As the generation changed, and people born after independence started becoming adults – two things happened. One, the socialism of Nehru became the state authoritarianism of Indira Gandhi. Individual enterprise was now almost a criminal offense. The sameness sought to be imposed became even more intense. Whether one worked extra or did not work at all hardly mattered. The result would be same for both. There was neither penalty for no work nor incentive for brilliant work. Second, this generation’s mindset was shaped by their parents who saw a stable government job as the be all and end all of all aspirations. This is where millions of free exploring minds, like Ramanujan, would have been killed in childhood itself. A few outliers that would beat this mindset would be taken care by the system. A few, who would still not be satisfied, engineers from IITs, started settling in the US and UK. There they would set up world-class companies or become Professors in the best universities in the world. India, which could educate them, simply did not have the economy to employ them. As the generation changed again, the mindsets got reinforced again. There was no incentive in being a poet or a writer or a scientist or a dramatist. It would mean living a life of hardship at best. Socialism had by now done its work. Prof Sumner, in his essay argues further:
We can take prizes away from the successful and give them to the unsuccessful.

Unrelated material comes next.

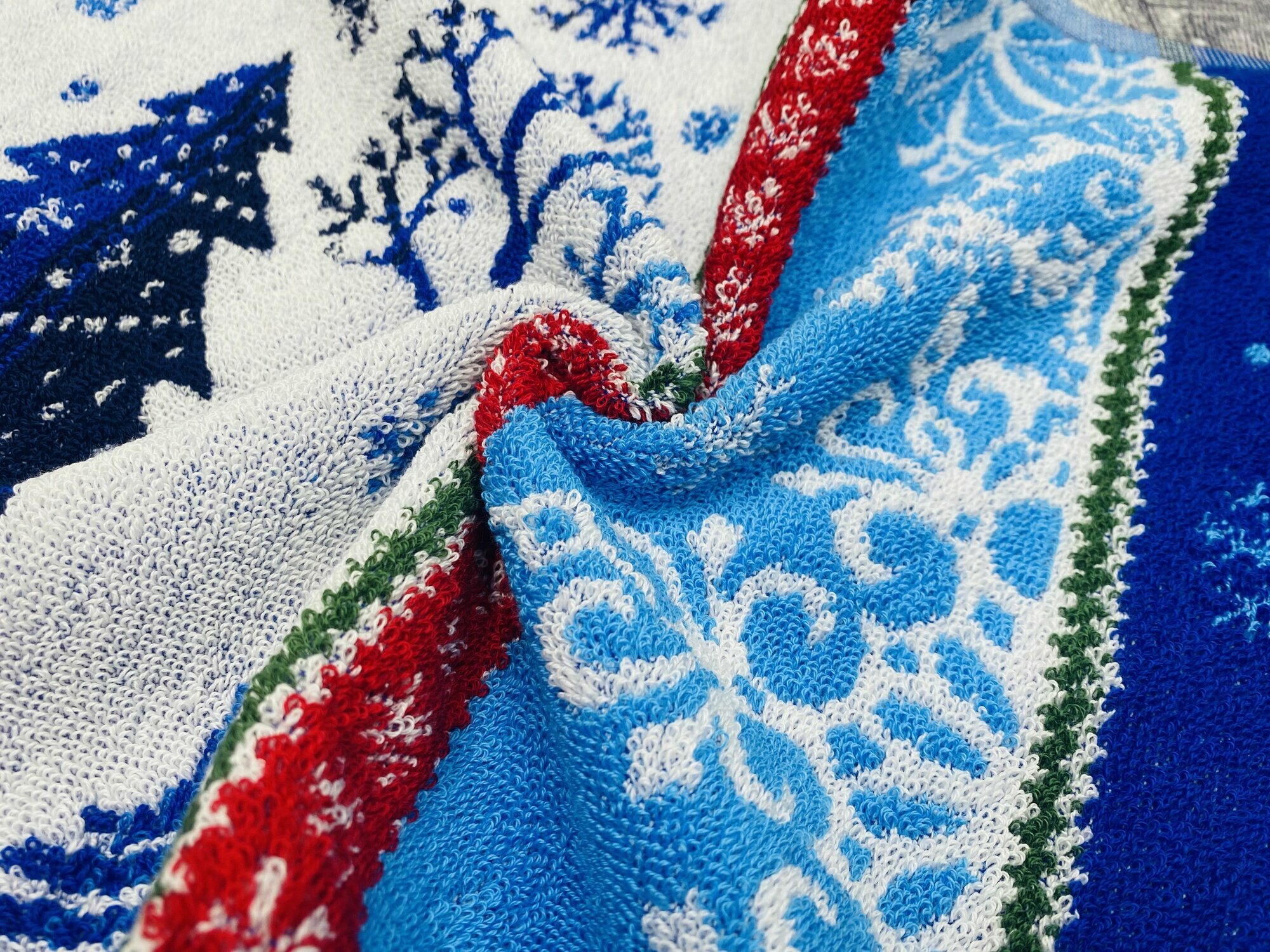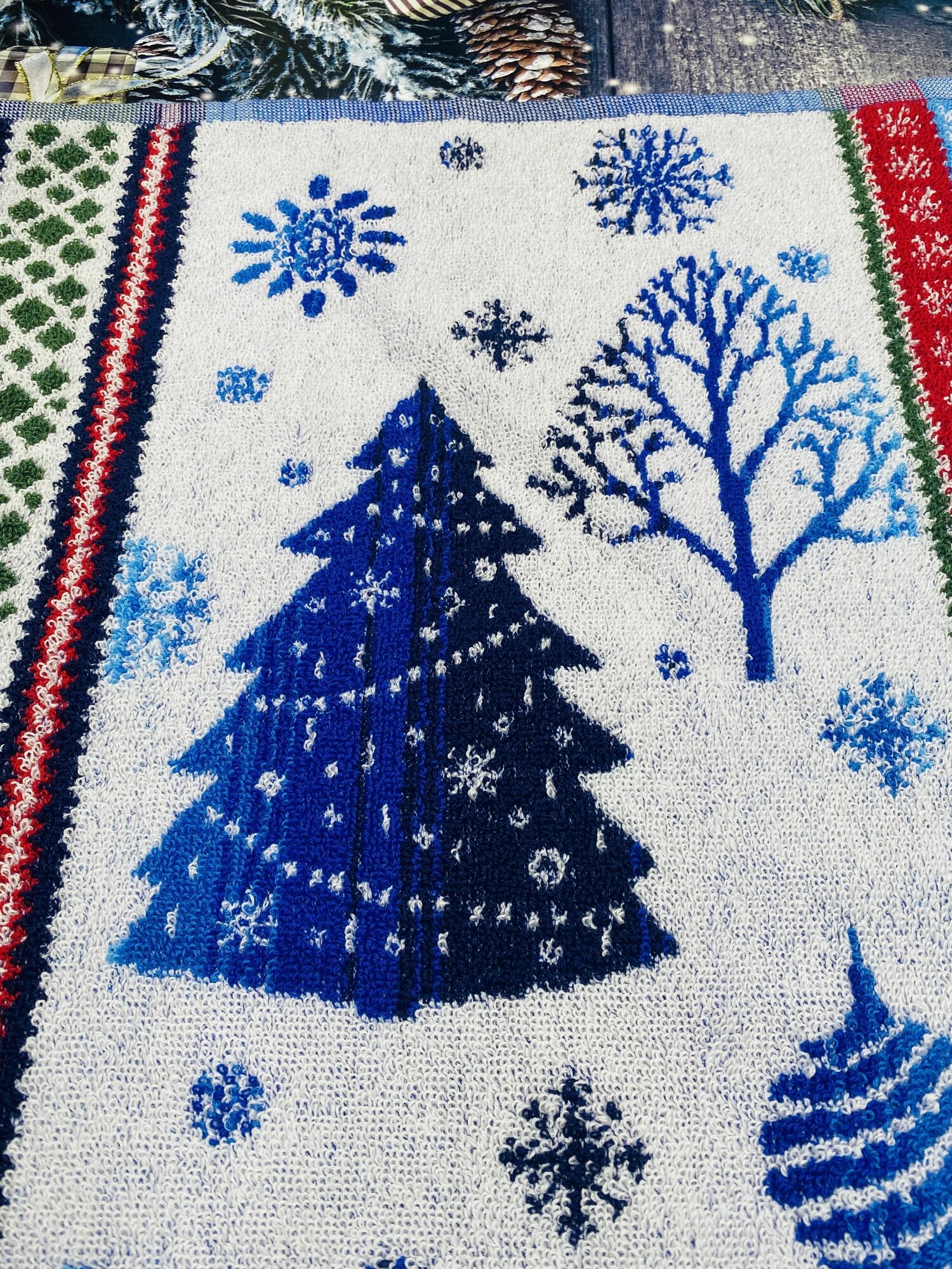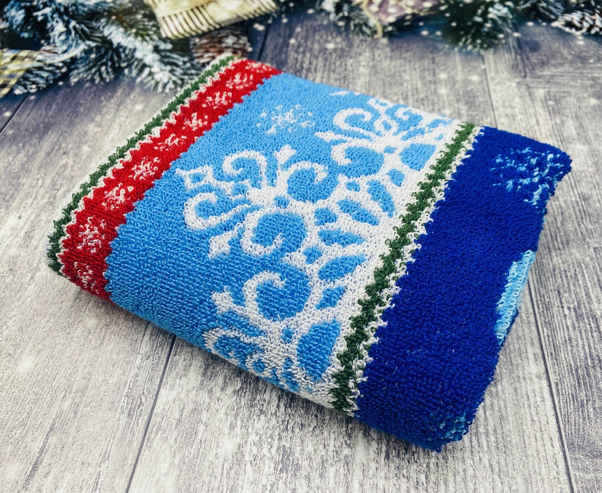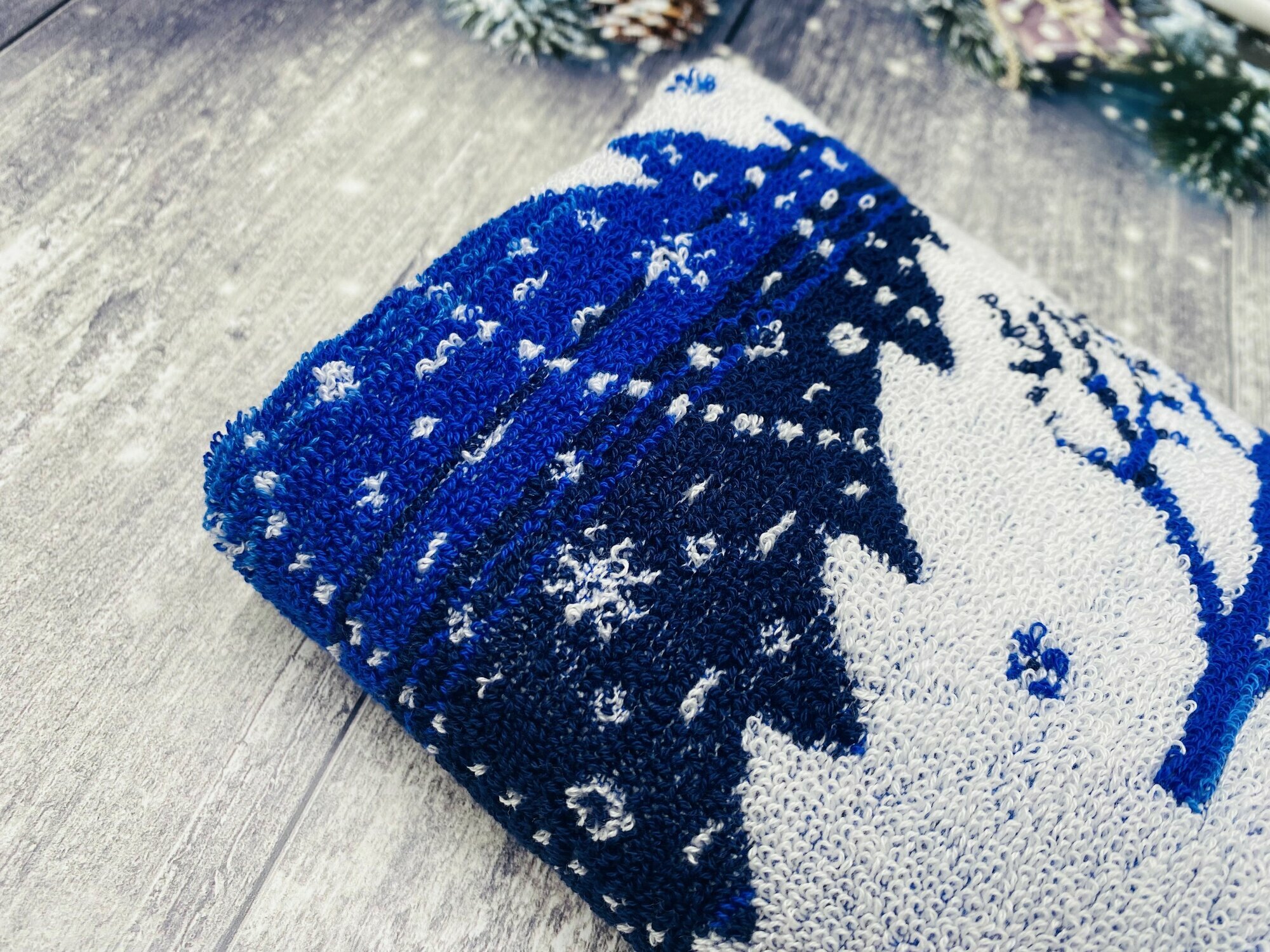 Полотенце махровое ручное, кухонное в подарок на Новый год, Рождество Новогодний орнамент Синее 70*40 см

It seems clear that there would soon be no prizes at all…..competition does not guarantee results corresponding with merit , because hereditary conditions and good and bad fortune are always intermingled with merit, but competition secures to merit all the chances it can enjoy under circumstances for which none of one’s fellow-men are to blame.
Nehruvian socialism took away all the prizes from the successful to distribute it equally among the deserving and the undeserving. Soon enough there were indeed no prizes at all. That was the economic effect. The social effect of Nehruvian socialism was that it killed individual enterprise and perhaps killed, or at least substantially delayed, India’s rightful destiny.
As the battle rages for Idea of India in the 21st century, there is only one man, THAT MAN from Western India, who is talking of conclusively dismantling Nehruvian socialism and bringing in capitalism. THAT MAN may be our only chance to start that supply chain again.